I agree with Mummytime - it's a good idea to do other fun stuff that will improve fine motor skills and not put her off writing. My son had great difficulty with writing - the physical part - and we saw an occupational therapist who recommended various exercises to improve his motor skills. He was encourage to do lots of drawing and colouring as well. She also gave him some tiny pieces of paper with a finger tip image to encourage him to leave a finger space between each word - that can make a big difference to legibility of written work. He had the special shaped pencils and pens as well. He's now 13 and his writing isn't fantastic, but he manages. If things are really bad the school will organise a writing keyboard (alphasmart is one brand) as they get older for the lessons where there needs to be a lot of writing.

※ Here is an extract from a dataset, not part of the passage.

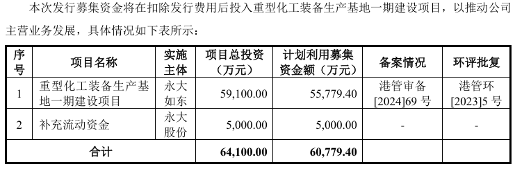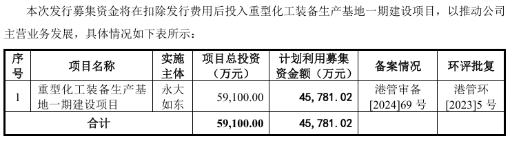 此次IPO,永大股份计划募资4.58亿元,全部用于重型化工装备生产基地一期建设项目。
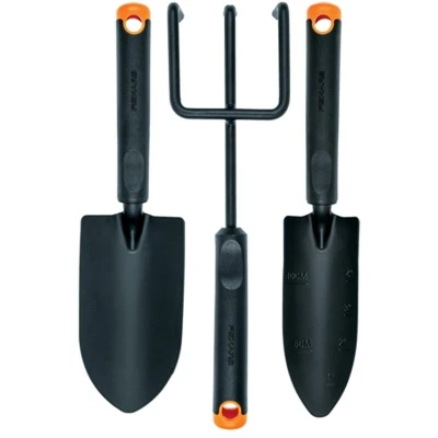 General description The Fiskars Ergo Nursery Set includes three essential gardening tools designed for plant care and nursery work. Each tool features an ergonomic handle for comfortable use and a hanging hole for easy storage. Made from durable, high-quality materials, these tools are suitable for both beginners and experienced gardeners, helping you maintain your plants efficiently and comfortably. Technical specifications Color: Black EAN: 6411501351074 Compatibility and accessories Suitable for use in plant nurseries, gardens, and home gardening projects Compatible with standard gardening accessories and storage solutions Installation No installation required; tools are ready to use out of the box Usage Standard Trowel: ideal for digging, planting, and transferring soil Transplanting Trowel with graduations: perfect for transplanting small plants and flowers with precise depth measurement Weeding Rake: suitable for loosening soil, aerating, and removing weeds Other information

aularaef Thu 06-Oct-11 23:33:18

Thanks for all the good advice....I got a handwriting book practicing joined up writing and she does a page most nights, and this week shes been given headteacher award for her writing and also wrote an excellent story which she read out to yr4, school has told her how proud they are of her this week so joined up writing seems to be working. I must just say to mrz the whole giftedness thing as in g&t Iep's are a way of letting teachers and parents work with more naturally able children who are perhaps more in need of constant challenge as oppose to bright children who learn easily, and can manage themselves better, I feel quite often people misinterpret a gifted learner (where learning comes easy) to gifted genius, which I am quite positive my dd is not!!
Also I drew little characters and wrote little bits of nonsense describing them, which she then did her own drawings of characters and wote descriptions about them, which we showed the grandparents and she was given oodles of praise (which she ofcourse loved). I do appreciate i can at times become a little overley concerned with what may seem silly to other more experienced mums, must admit i'm so more relaxed with dd2 (4 yr age gap) but to me she is super special and I want to make sure I ask for advice if I haven't got the answers to problems, because sometimes people have a different angle at looking at things, or can offer little nuggets of wisdom.

ConstantlyCooking Fri 07-Oct-11 09:56:37

Also cutting with scissors and tearing paper can help strengthen the muscles needed for writing.